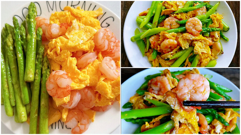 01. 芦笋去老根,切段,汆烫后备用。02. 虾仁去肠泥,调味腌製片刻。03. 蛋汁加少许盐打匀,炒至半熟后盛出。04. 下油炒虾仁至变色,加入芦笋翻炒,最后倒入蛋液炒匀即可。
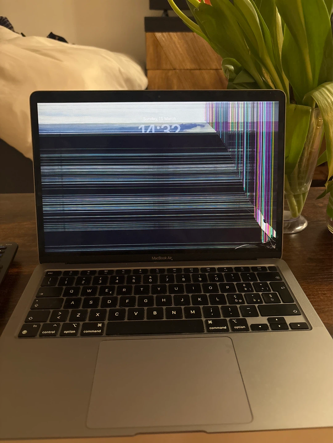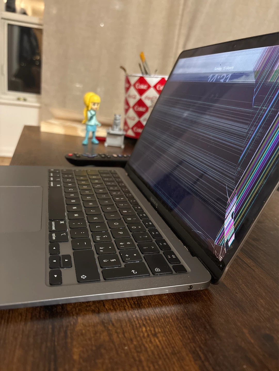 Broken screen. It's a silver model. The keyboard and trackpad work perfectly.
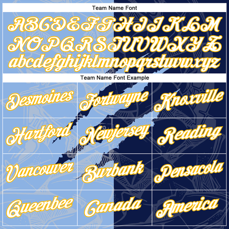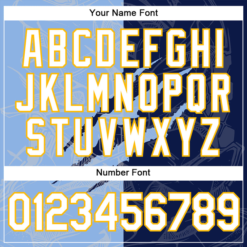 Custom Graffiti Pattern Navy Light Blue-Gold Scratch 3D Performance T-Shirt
---
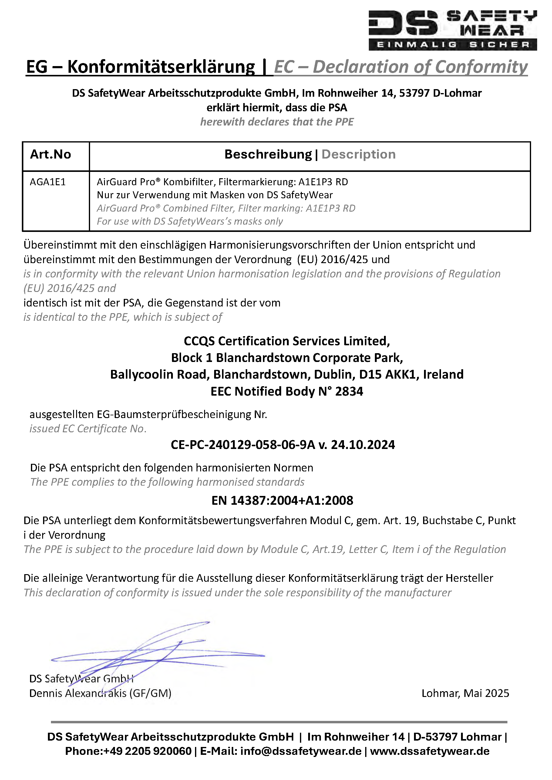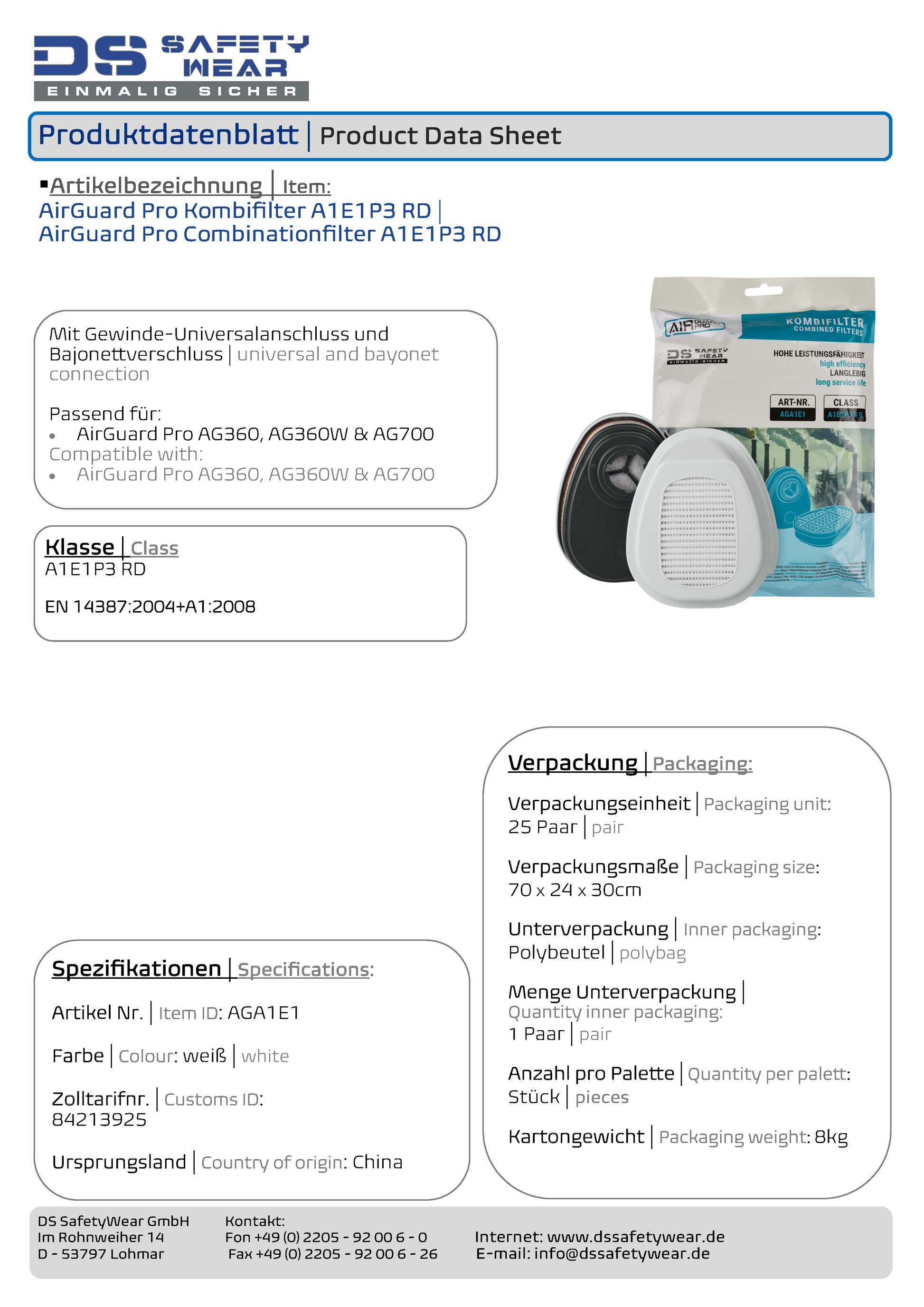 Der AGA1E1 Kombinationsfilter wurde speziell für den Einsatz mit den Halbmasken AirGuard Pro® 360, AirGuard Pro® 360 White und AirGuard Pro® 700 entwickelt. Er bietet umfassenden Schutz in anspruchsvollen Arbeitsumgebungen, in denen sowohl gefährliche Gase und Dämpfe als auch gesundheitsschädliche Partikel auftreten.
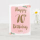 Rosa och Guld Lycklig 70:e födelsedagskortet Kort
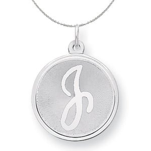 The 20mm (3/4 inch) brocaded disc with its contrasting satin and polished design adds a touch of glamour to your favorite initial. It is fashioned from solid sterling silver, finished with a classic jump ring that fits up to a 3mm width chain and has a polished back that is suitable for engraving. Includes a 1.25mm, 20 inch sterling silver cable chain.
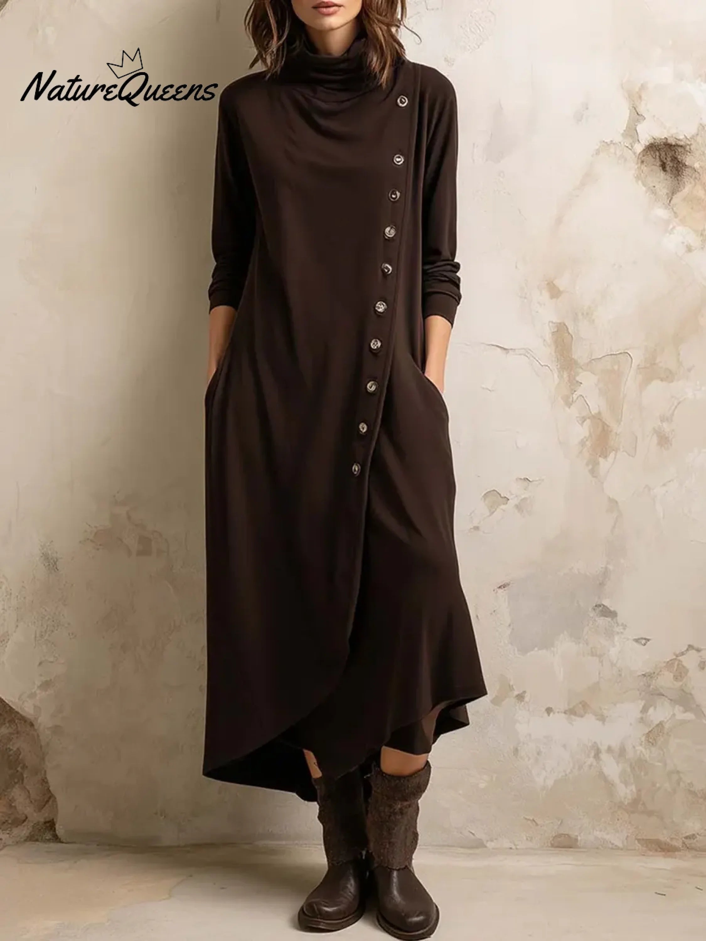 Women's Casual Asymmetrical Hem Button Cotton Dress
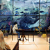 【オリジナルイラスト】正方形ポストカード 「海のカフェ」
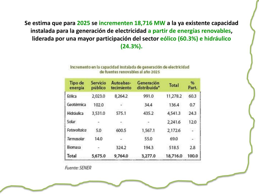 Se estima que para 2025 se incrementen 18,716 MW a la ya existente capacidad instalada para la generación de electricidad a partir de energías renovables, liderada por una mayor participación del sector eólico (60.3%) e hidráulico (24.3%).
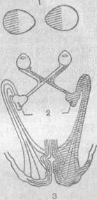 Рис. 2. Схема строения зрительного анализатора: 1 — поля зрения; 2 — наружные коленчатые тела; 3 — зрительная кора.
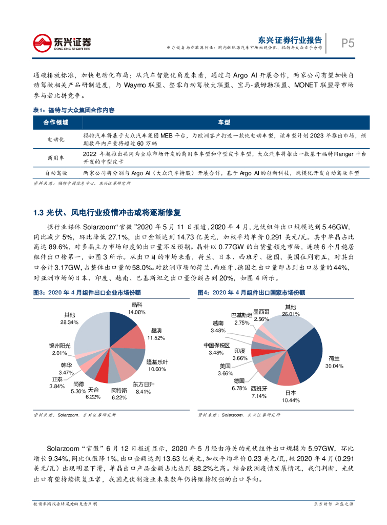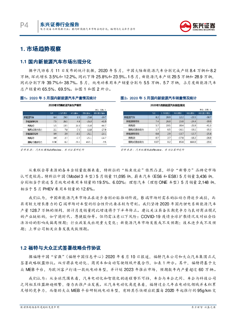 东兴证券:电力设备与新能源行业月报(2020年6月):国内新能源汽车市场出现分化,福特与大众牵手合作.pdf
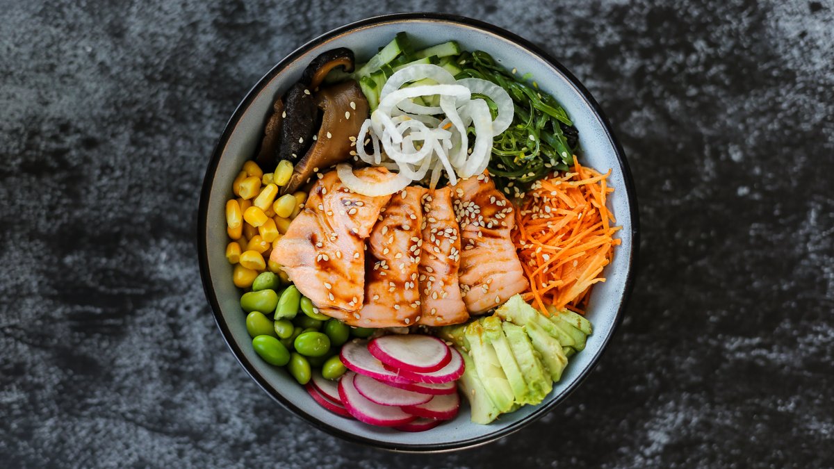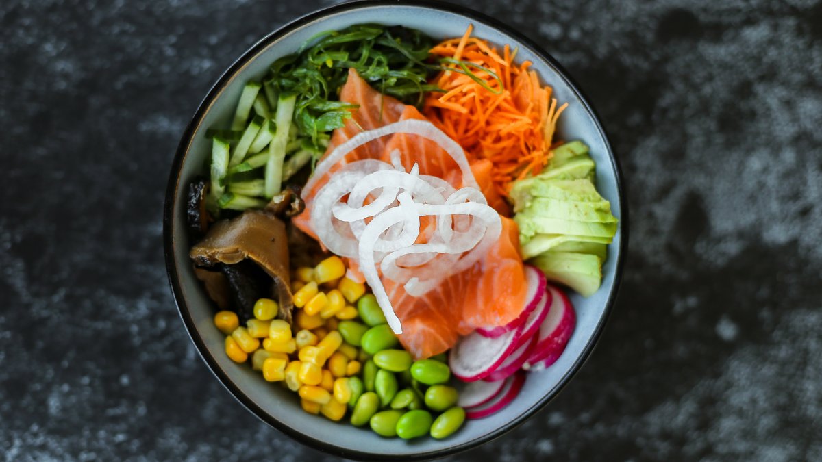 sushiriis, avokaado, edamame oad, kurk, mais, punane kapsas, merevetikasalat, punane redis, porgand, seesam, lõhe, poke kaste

TASK:
Once the line with "Women's Casual Asymmetrical" is found above, print it and every line after it through the line with "sushiriis, avokaado, edamame", exactly. Pictures stay out.

SOLVED EXERCISE:
 Women's Casual Asymmetrical Hem Button Cotton Dress
 【オリジナルイラスト】正方形ポストカード 「海のカフェ」
 Se estima que para 2025 se incrementen 18,716 MW a la ya existente capacidad instalada para la generación de electricidad a partir de energías renovables, liderada por una mayor participación del sector eólico (60.3%) e hidráulico (24.3%).
 Рис. 2. Схема строения зрительного анализатора: 1 — поля зрения; 2 — наружные коленчатые тела; 3 — зрительная кора.
 东兴证券:电力设备与新能源行业月报(2020年6月):国内新能源汽车市场出现分化,福特与大众牵手合作.pdf
 sushiriis, avokaado, edamame oad, kurk, mais, punane kapsas, merevetikasalat, punane redis, porgand, seesam, lõhe, poke kaste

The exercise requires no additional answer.